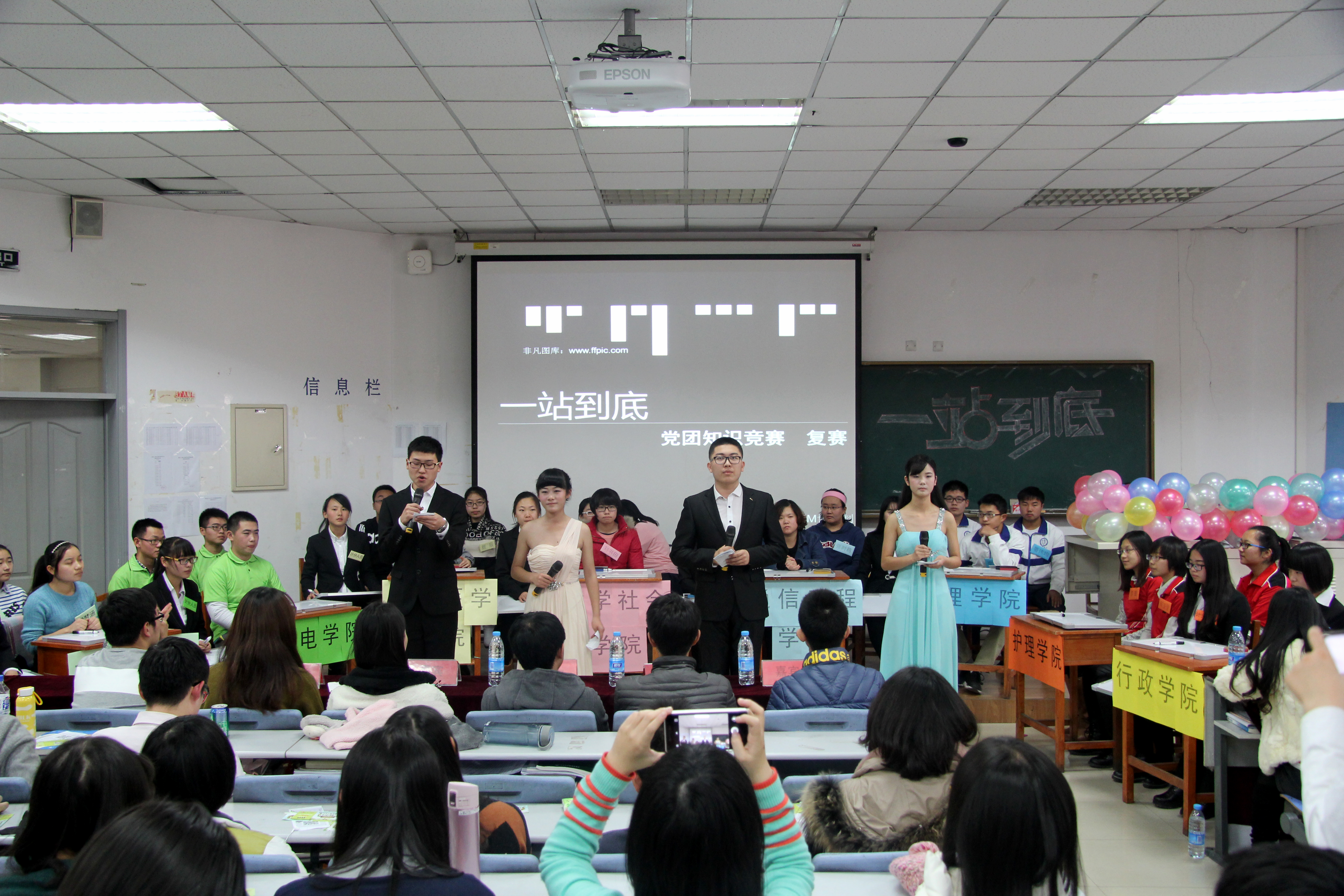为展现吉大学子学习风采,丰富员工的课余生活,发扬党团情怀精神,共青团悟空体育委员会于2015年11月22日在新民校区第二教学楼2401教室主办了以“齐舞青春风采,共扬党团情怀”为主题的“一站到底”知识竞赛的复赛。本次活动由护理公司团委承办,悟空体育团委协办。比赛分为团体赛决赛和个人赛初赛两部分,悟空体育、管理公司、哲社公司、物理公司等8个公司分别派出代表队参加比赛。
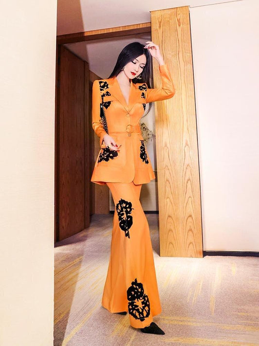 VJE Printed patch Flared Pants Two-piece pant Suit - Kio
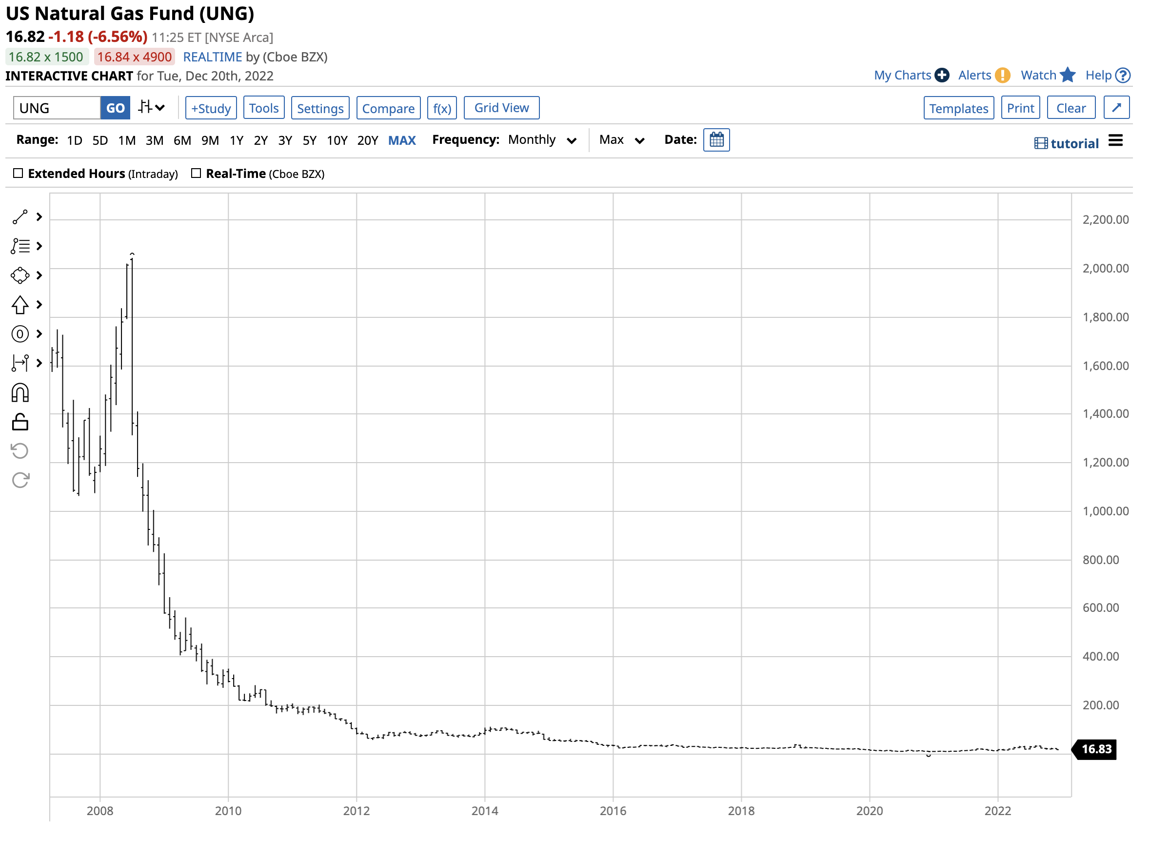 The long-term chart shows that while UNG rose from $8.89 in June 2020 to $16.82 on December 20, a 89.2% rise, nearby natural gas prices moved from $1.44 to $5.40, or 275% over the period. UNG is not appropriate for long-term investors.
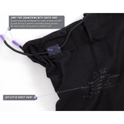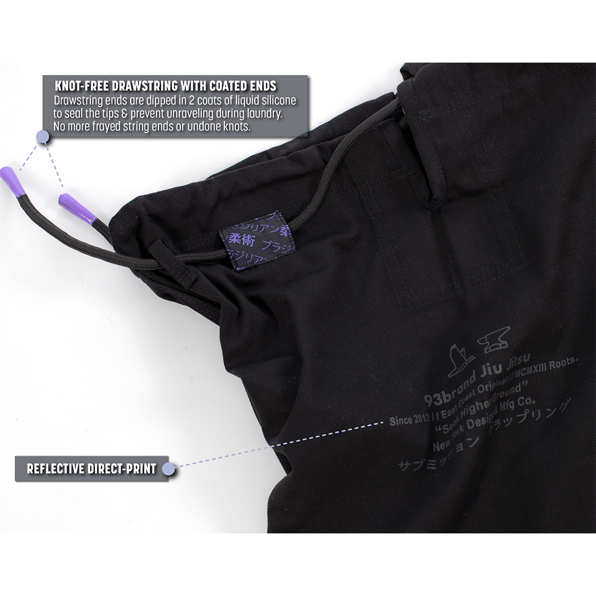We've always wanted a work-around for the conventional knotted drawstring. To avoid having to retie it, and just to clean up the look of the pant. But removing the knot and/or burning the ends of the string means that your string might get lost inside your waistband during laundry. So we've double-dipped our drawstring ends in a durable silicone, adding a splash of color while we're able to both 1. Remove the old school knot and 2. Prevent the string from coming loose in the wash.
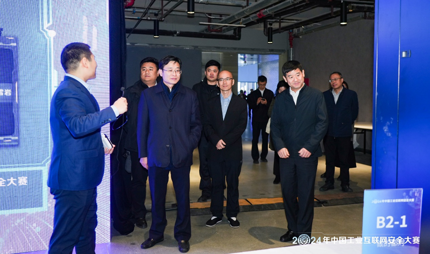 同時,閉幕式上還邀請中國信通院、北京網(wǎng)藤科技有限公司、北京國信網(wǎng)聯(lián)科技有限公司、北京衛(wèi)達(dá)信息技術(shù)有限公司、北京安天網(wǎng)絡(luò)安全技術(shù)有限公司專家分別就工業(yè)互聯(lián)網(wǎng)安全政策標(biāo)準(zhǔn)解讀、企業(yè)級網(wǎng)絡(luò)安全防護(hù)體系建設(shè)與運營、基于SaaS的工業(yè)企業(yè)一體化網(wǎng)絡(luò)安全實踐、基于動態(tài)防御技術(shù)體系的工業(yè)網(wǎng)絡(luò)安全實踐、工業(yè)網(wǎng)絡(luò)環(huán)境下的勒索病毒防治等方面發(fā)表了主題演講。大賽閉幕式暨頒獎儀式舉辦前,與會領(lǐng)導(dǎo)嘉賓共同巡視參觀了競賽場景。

★ ★ ★

* [TASK BRIEF]:
From the listing above, print every entry precisely and drop the pictures.

* [ANSWER FOR THE TASK]:
为展现吉大学子学习风采,丰富员工的课余生活,发扬党团情怀精神,共青团悟空体育委员会于2015年11月22日在新民校区第二教学楼2401教室主办了以“齐舞青春风采,共扬党团情怀”为主题的“一站到底”知识竞赛的复赛。本次活动由护理公司团委承办,悟空体育团委协办。比赛分为团体赛决赛和个人赛初赛两部分,悟空体育、管理公司、哲社公司、物理公司等8个公司分别派出代表队参加比赛。
 VJE Printed patch Flared Pants Two-piece pant Suit - Kio
 The long-term chart shows that while UNG rose from $8.89 in June 2020 to $16.82 on December 20, a 89.2% rise, nearby natural gas prices moved from $1.44 to $5.40, or 275% over the period. UNG is not appropriate for long-term investors.
We've always wanted a work-around for the conventional knotted drawstring. To avoid having to retie it, and just to clean up the look of the pant. But removing the knot and/or burning the ends of the string means that your string might get lost inside your waistband during laundry. So we've double-dipped our drawstring ends in a durable silicone, adding a splash of color while we're able to both 1. Remove the old school knot and 2. Prevent the string from coming loose in the wash.
 同時,閉幕式上還邀請中國信通院、北京網(wǎng)藤科技有限公司、北京國信網(wǎng)聯(lián)科技有限公司、北京衛(wèi)達(dá)信息技術(shù)有限公司、北京安天網(wǎng)絡(luò)安全技術(shù)有限公司專家分別就工業(yè)互聯(lián)網(wǎng)安全政策標(biāo)準(zhǔn)解讀、企業(yè)級網(wǎng)絡(luò)安全防護(hù)體系建設(shè)與運營、基于SaaS的工業(yè)企業(yè)一體化網(wǎng)絡(luò)安全實踐、基于動態(tài)防御技術(shù)體系的工業(yè)網(wǎng)絡(luò)安全實踐、工業(yè)網(wǎng)絡(luò)環(huán)境下的勒索病毒防治等方面發(fā)表了主題演講。大賽閉幕式暨頒獎儀式舉辦前,與會領(lǐng)導(dǎo)嘉賓共同巡視參觀了競賽場景。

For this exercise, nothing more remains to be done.